Usted está aquí: domingo 10 de septiembre de 2006 Opinión El fantasma de la otredad

Bárbara Jacobs

El fantasma de la otredad

¿Existe D.L.H.? ¿Añadiría a mi probable infracción y descrédito, o quizá más bien a su mérito, escribir el nombre de esta periodista con todas sus letras? El caso no se originó mañana sino un lunes de los pasados en los momentos en que yo apagaba mi máquina y me disponía a empacarla para volver de mi cabaña en el campo a mi casa en la ciudad a trabajar, es decir, a continuar trabajando. La aparición de un aviso de correo en la pantalla me interrumpió. No lo habría atendido si su procedencia no hubiera sido la de un popular diario del país, de los dos o tres cuya consulta se recomienda no desdeñar a quien busca informarse según una y otras políticas editoriales.
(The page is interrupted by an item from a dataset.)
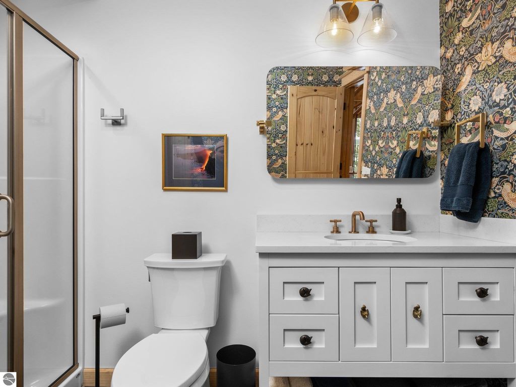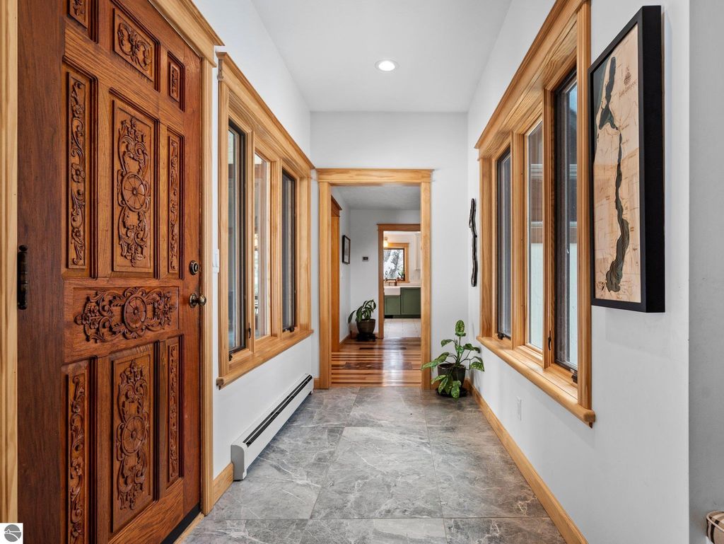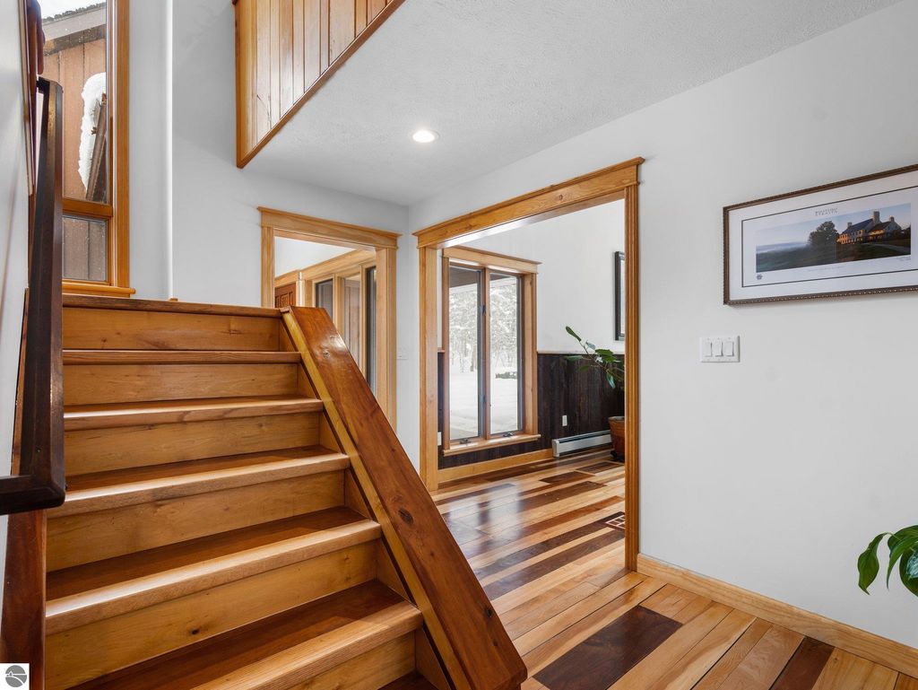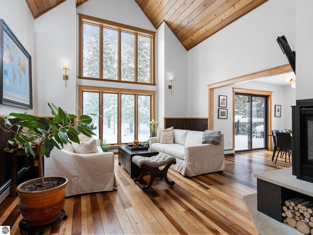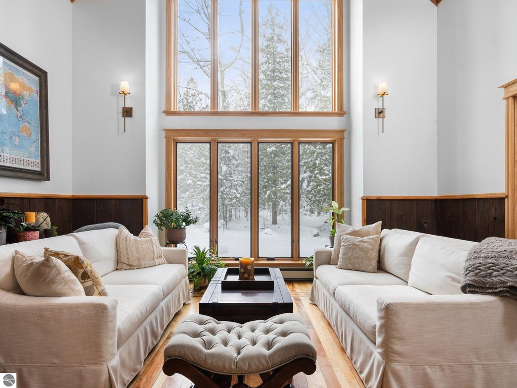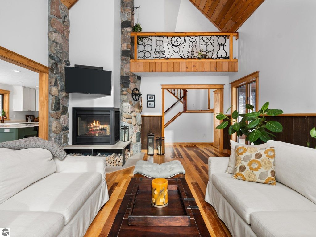 Experience the best of Leelanau living with this extraordinary 107-acre property featuring 500 feet of private frontage on the crystal-clear waters of Lake Leelanau. Rolling hills, ridge-line lake views, open meadows, hardwoods, evergreens, and farmland make this a truly one-of-a-kind offering just 15 minutes from downtown Traverse City. The landscape naturally lends itself to year-round outdoor adventure. In the winter months, the property transforms into a private retreat for sledding on your own hill, cross-country skiing and snowshoeing along established trails, and exploring by snowmobile. Ice fishing on the frozen lake becomes a favorite way to gather and take in the quiet beauty of the season. When the snow melts, the same rolling terrain and open spaces offer endless opportunities to hike, explore, and enjoy lakeside living at its finest. The 4-bed, 2.5-bath main residence beautifully blends classic up north charm with modern updates, featuring vaulted wood ceilings, inlaid wood floors, and a stone fireplace. Both the home and property were thoughtfully renovated in 2022, offering a fresh, move-in-ready experience. A Generac generator provides added peace of mind for comfortable year-round living. Evenings here are especially magical, with stunning sunsets that paint the sky over the lake, easily enjoyed from multiple vantage points across the property. For additional living space, a separate 1-bed, 1-bath chalet offers updated interiors and a four-car garage underneath, ideal for guests, a private retreat, or potential rental use. Additional structures include a 30x50 pole building for storage and two waterfront cabins, perfect as bunkhouses or convenient lakeside gear storage. With 3,700 feet of frontage along East Birch Point Road, a private dock, and a firepit for lakeside gatherings, this rare Leelanau County property offers an exceptional blend of beauty, privacy, versatility, and outdoor living in every season.

Lo cierto es que al abrir el correo del que hablo me encontré con una invitación demasiado atractiva para rechazarla sin remordimientos.
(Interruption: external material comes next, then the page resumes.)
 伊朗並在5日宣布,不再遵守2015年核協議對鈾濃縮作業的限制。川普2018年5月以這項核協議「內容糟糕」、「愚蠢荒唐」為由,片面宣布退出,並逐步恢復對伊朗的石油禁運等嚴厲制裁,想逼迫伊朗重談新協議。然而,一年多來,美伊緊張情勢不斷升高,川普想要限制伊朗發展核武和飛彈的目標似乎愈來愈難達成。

Los filósofos del saber vivir recomiendan para no sumirse en el desentendimiento no dejar de vincularse con el exterior. No recuerdo las razones con que fundamentan su consejo, pero desde que lo hice mío he procurado seguirlo en toda su amplitud. De manera que en este sentido agradecí la mano tendida de D.L.H. y me dispuse a contestar mi parte de su encuesta.

De entonces a ahora han pasado muchas semanas y no me he enterado de que ella la recogiera en el periódico desde el cual la solicitó ni, por cualquier circunstancia imprevista, tampoco en ningún otro. Y, dado que por lo que hace a capacidad de trabajo efectivo soy pobre, ha llegado el momento en que debo ceder a la necesidad de retomar el tema con el que D.L.H. me estimuló a reflexionar y recoger en mi modesto espacio el desarrollo que yo le di al asunto todavía bajo la fuerza del entusiasmo.
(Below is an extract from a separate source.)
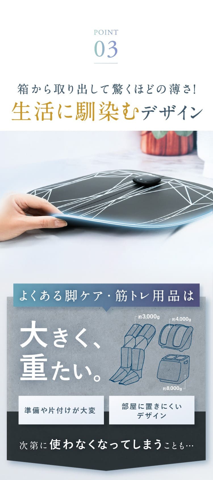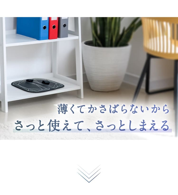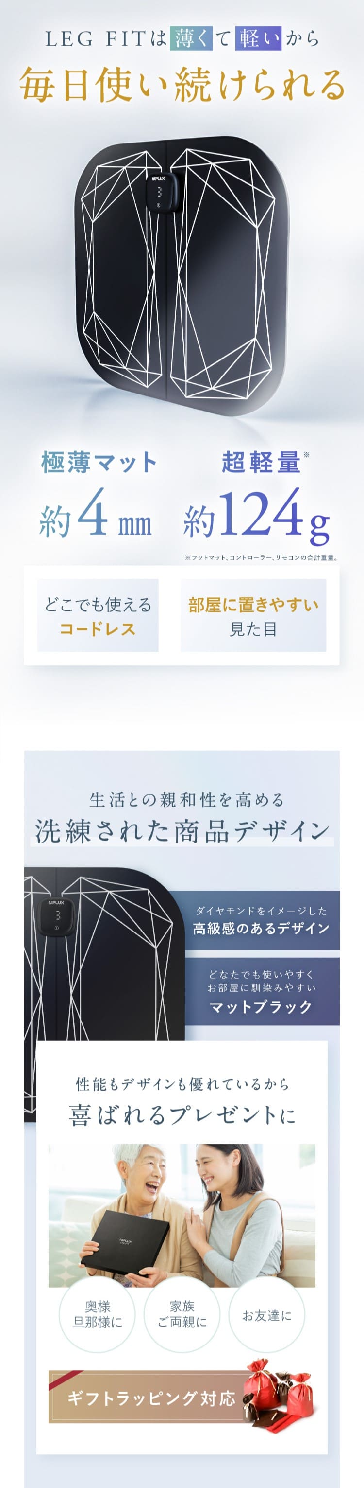 NIPLUX LEG FITは約124g(本体+リモコン)で、フットマットの薄さはわずか約4mmの超軽量設計です。

D.L.H. preguntaba qué hacía yo con los libros que me llegaban "de amigos, jóvenes autores o admiradores" y que desde mi punto de vista eran muy malos o no tenían calidad como para ocupar los estantes de mi biblioteca. ¿Me venía a la memoria alguna experiencia bochornosa?

Aparte de agradecerle que hubiera contemplado incluir mis reflexiones en su artículo futuro, cuyo asunto le confié que formaba parte de mis propios intereses, le contesté con el corazón en la mano que me encantaba recibir libros. Es más, anoté, a medida que pasa el tiempo confirmo cada vez con mayor conocimiento de causa el viejo tópico de que "No hay libro malo". Me gusta tenerlos y sueño con acomodarlos, cosa esta última que a la fecha no he logrado del todo y que me pregunto si de hecho lograré alguna vez. ¿Es que llega uno de verdad a completar en la vida por lo menos uno de los proyectos que tiene en mente?

Lo cierto es que entre las anécdotas inconfesables que dan perspectiva a mis palabras recuerdo una lo suficientemente radical para contarla de manera fidedigna aunque, por lo que hace a las identidades y otros detalles, por supuesto que de manera un tanto disfrazada. Un día recibí un libro de una crítica francesa. A pesar de que ella era de la tercera edad, el impreso era su primero y me lo enviaba con una dedicatoria que reflejaba su comprensible orgullo. El trabajo consistía en la reunión de críticas suyas sobre las diez (¿o eran cien?) escritoras mexicanas más destacadas del momento cuyos retratos, en blanco y negro, de frente despejada y tamaño infantil, se alineaban de izquierda a derecha y de arriba abajo en la portada azul con tipografía color de rosa.

Al no ver mi cara entre las de mis colegas ni leer mi nombre ni siquiera como alusión en el nutrido índice onomástico que el tomo incluía, después de pisotear el volumen sobre la acera de la calle desgarré las tapas y todas las páginas impresas y, tras hacerlas trizas, arrojé el montón de papel en donde me pareció que pertenecía, el basurero público que encontré oportunamente en la esquina de la oficina de correos del barrio donde vivo y en donde minutos antes había recogido con ilusión el paquete.

Como al parecer mi respuesta agradó a D.L.H. al grado de haberle provocado risa, insistió en querer averiguar más. Recordando a Elio, el niño indígena al que le amputaron un pie, que lloró en la primera sesión de rehabilitación y rió en la segunda, y que explicó que, ya que llorar no detenía el dolor, se había decidido por la risa, hice saber a D.H.L. que, desde que advertí que la razón no era la respuesta más adecuada ante el caos, yo también reía.

Pero me reservo para otra ocasión contestar los interrogantes que mis nuevas respuestas despertaron en la curiosidad de la fantasmagórica periodista.